Our findings suggest a therapeutic role for oral levosimendan in prevention of postinfarct heart failure and cardiac remodeling in type 2 diabetes and underscore the importance of sustained cardiomyocyte apoptosis and induction of cellular senescence in the pathogenesis.
糖尿病会增加致命性心肌梗死和心力衰竭的风险。左西孟旦是一种通过钙敏化和打开三磷酸腺苷(ATP)依赖性钾通道起作用的新型正性肌力药和血管扩张药,临床上用于治疗急性失代偿性心力衰竭。然而,口服左西孟旦对心肌梗死后心力衰竭的长期影响尚不清楚。
在 2 型糖尿病模型(Goto-Kakizaki 大鼠)中,研究口服左西孟旦是否可以改善心肌梗死后的心功能并预防心脏重构。
通过冠状动脉结扎诱导糖尿病 Goto-Kakizaki 大鼠和非糖尿病 Wistar 大鼠发生心肌梗死(MI)。手术后 24 小时,将 Goto-Kakizaki 大鼠和 Wistar 大鼠随机分为四组:未治疗的 MI 组、12 周(每天 1 毫克/千克)左西孟旦治疗的 MI 组、假手术组和假手术+左西孟旦治疗组。测定血压、心功能以及心脏重构标志物。

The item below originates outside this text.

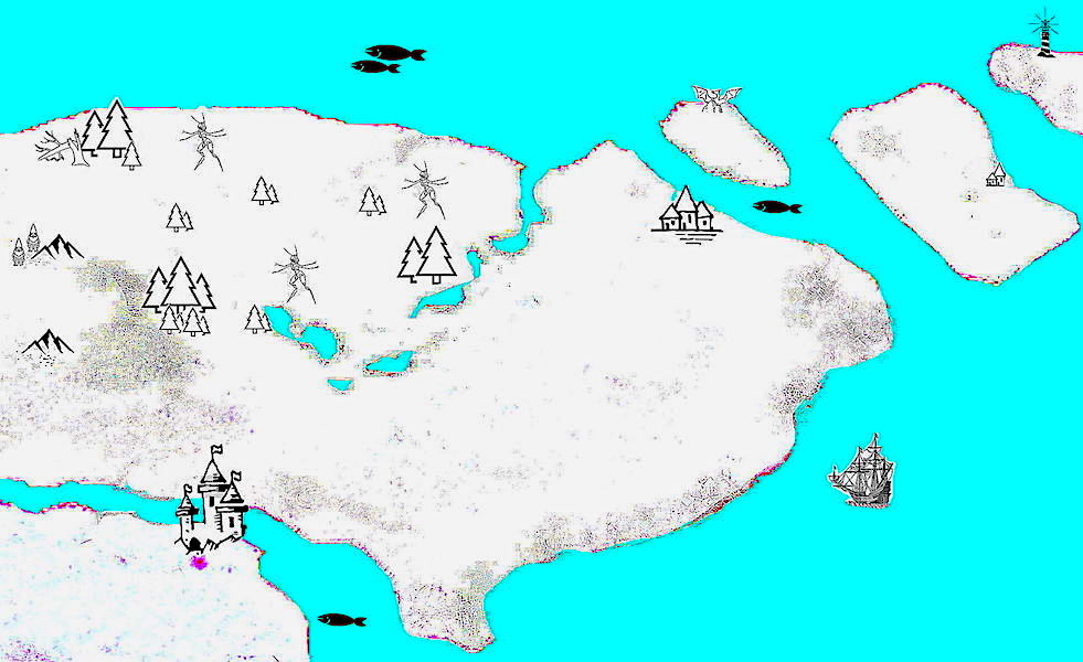Deciding that they still don’t have enough money to pay for Auntie’s nearby magic-concentration services, The Red-Gold Company moves to complete the rest of their map-update quest. They sail past the small island, which contained the Dragon Icon on Yrsa’s map, but see nothing of interest. Likewise, as they cruise west along the northern shores of Kraldjur and Krossad, they see nothing much of interest in the mostly-peaceful elvish lands to satiate their adventurous tastes. Although, Stroop starts to feel a little uneasy after first breakfast. As all food agreeds with him, he believes he’s gong up a level in experience. All of the party has, and they return back to Kuststad to report their findings to Commander Holt, who gives them eight days of vacation so that they can train up and acquire new skills.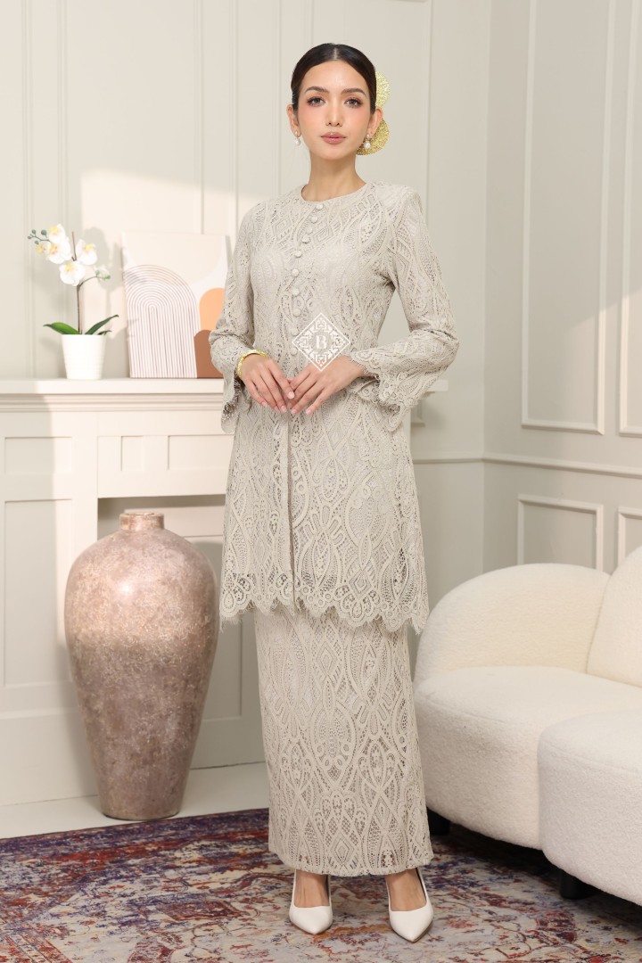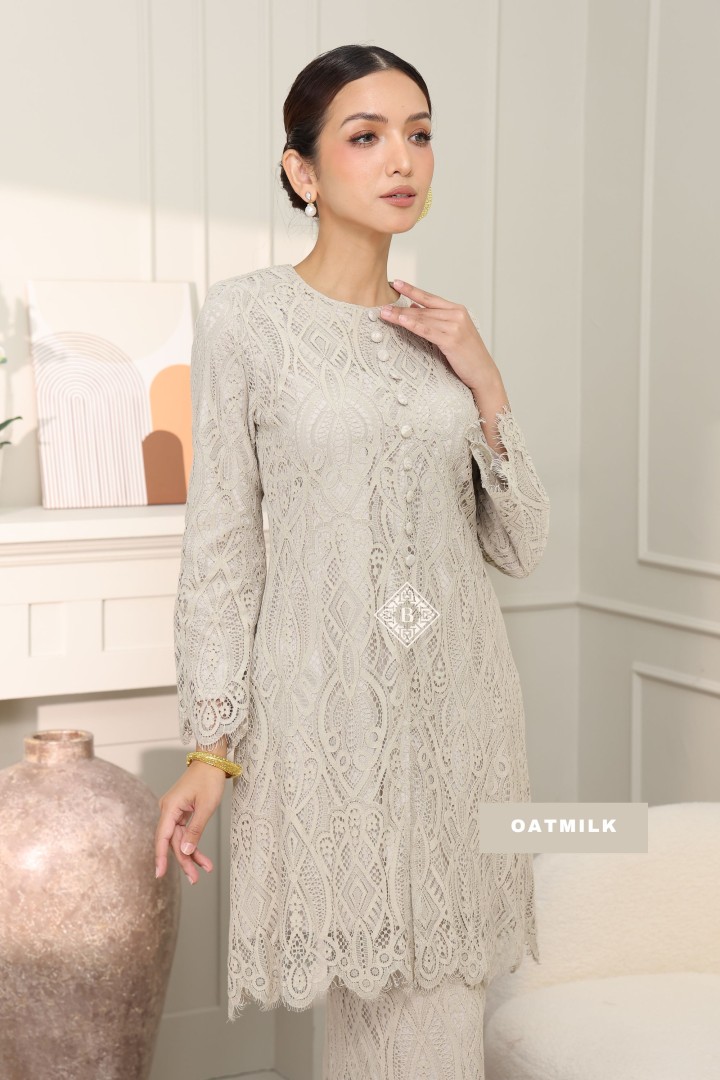• Perincian Halus: Butang kain klasik dan kemasan tepian scallop lace pada hujung baju dan lengan menonjolkan kualiti jahitan butik.

在 Goto-Kakizaki 大鼠中,MI 诱导收缩性心力衰竭,导致远隔区心肌明显肥大,并持续诱导心肌细胞凋亡。心肌梗死后的心脏重构与心房利钠肽、白细胞介素-6 和结缔组织生长因子 mRNA 表达增加有关,以及心肌细胞衰老标志物(心脏 p16 mRNA 表达)增加三倍。左西孟旦改善心功能并预防梗死后心肌肥大、心肌细胞凋亡和细胞衰老。左西孟旦还改善了 MI 诱导的心房利钠肽、白细胞介素-6 和结缔组织生长因子过表达,以及 MI 诱导的钙处理蛋白(SERCA2、Na+-Ca2+ 交换体)改变,而不改变糖尿病状态或全身血压。在非糖尿病 Wistar 大鼠中,MI 诱导收缩性心力衰竭;然而,梗死后的心脏重构与心肌肥大、心肌细胞凋亡、炎症反应和细胞衰老的诱导程度较轻有关。左西孟旦仅部分预防了 Wistar 大鼠的梗死后心力衰竭和心脏重构。
我们的研究结果表明,口服左西孟旦在预防 2 型糖尿病心肌梗死后心力衰竭和心脏重构方面具有治疗作用,并强调了持续的心肌细胞凋亡和细胞衰老在发病机制中的重要性。